A blog post by Anton Piatigorsky caught my eye. It repeats, in part, the fairly widespread belief that when Justice William J. Brennan, a leading, long-serving liberal justice, retired from the Supreme Court in 1990, President George H.W. Bush looked to replace Brennan with a stealth arch-conservative. Former Governor John Sununu, from New Hampshire and then Bush’s White House chief of staff, has said as much. And, the belief continues, the eventual Bush nominee, then-Judge David Souter, also of New Hampshire, turned out to be a huge disappointment if not a traitor to how he presented himself to the president and why he (Souter) was nominated.
I don’t think that holds up. For example, I don’t think that President Bush ever said that that’s what he sought in Souter. I also don’t think that there is evidence that that is the vetting and assessment of Souter that occurred at the president’s level.
What Bush was seeking was, by all accounts, a problem-free, no paper trail, quality, Republican-type nominee—who, yes, as a replacement for Justice Brennan, almost by definition had the potential to shift the Supreme Court rightward.
Tinsley Yarborough describes in his biography of Justice Souter (click here) how Sen. Warren Rudman of New Hampshire, Souter’s old boss and close friend and also a friend to Sununu and President Bush, was Souter’s principal recommender and really the cause of his nomination. Sen. Rudman was a Republican but not of the slash/burn type; in fact, in many instances he was quite moderate and non-partisan.
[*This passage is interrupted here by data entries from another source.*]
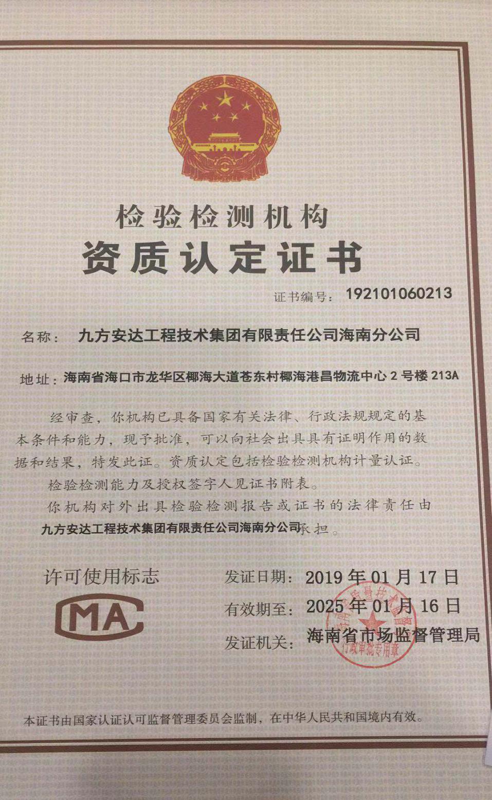 2019年1月17日,在九方安達(dá)集團公司大力下,經(jīng)過海南和湖北分公司同事長期共同努力,九方安達(dá)工程技術(shù)集團有限責(zé)任公司海南分公司取得《檢驗檢測機構(gòu)資質(zhì)認(rèn)定證書》。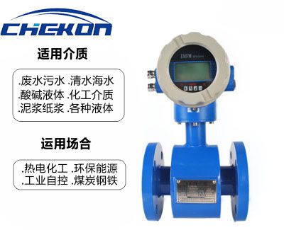 電磁流量計是根據(jù)法拉第電磁感應(yīng)定律進(jìn)行流量測量的流量計。電磁流量計的優(yōu)點(diǎn)是壓損極小,可測流量范圍大。量程比的比值一般為20:1以上,適用的工業(yè)管徑范圍寬,口徑可達(dá)3m,輸出信號和被測流量成線性,精度較高,可測量電導(dǎo)率≥5μs/cm的酸、堿、鹽溶液、水、污水、腐蝕性液體以及泥漿、礦漿、紙漿等的流體流量。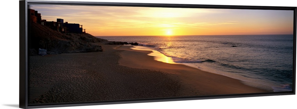 <p>Panoramic photo of the sun rising over the beach in Los Cabos, Mexico.</p>

As Yarborough recounts, Rudman suggested the Souter nomination to Sununu and Bush and it all rolled quickly from there, including that no one ever vetted Souter for or had a basis to determine that he would be the determined anti-Brennan. Based on the historical record (such as we can see it), while many on the farther right were disappointed in the jurist that Justice Souter turned out to be, I’m skeptical that President Bush is or that the late Senator Rudman was in that group. And I’m very skeptical that they would have a basis, given how Souter was vetted and picked, to feel that way.
In picking Justice Souter, President Bush went for huge smarts, relevant experience and no paper trail. He wanted a problem-free nominee and he got him. Bush never asked litmus test questions—which Souter would have refused to answer anyway.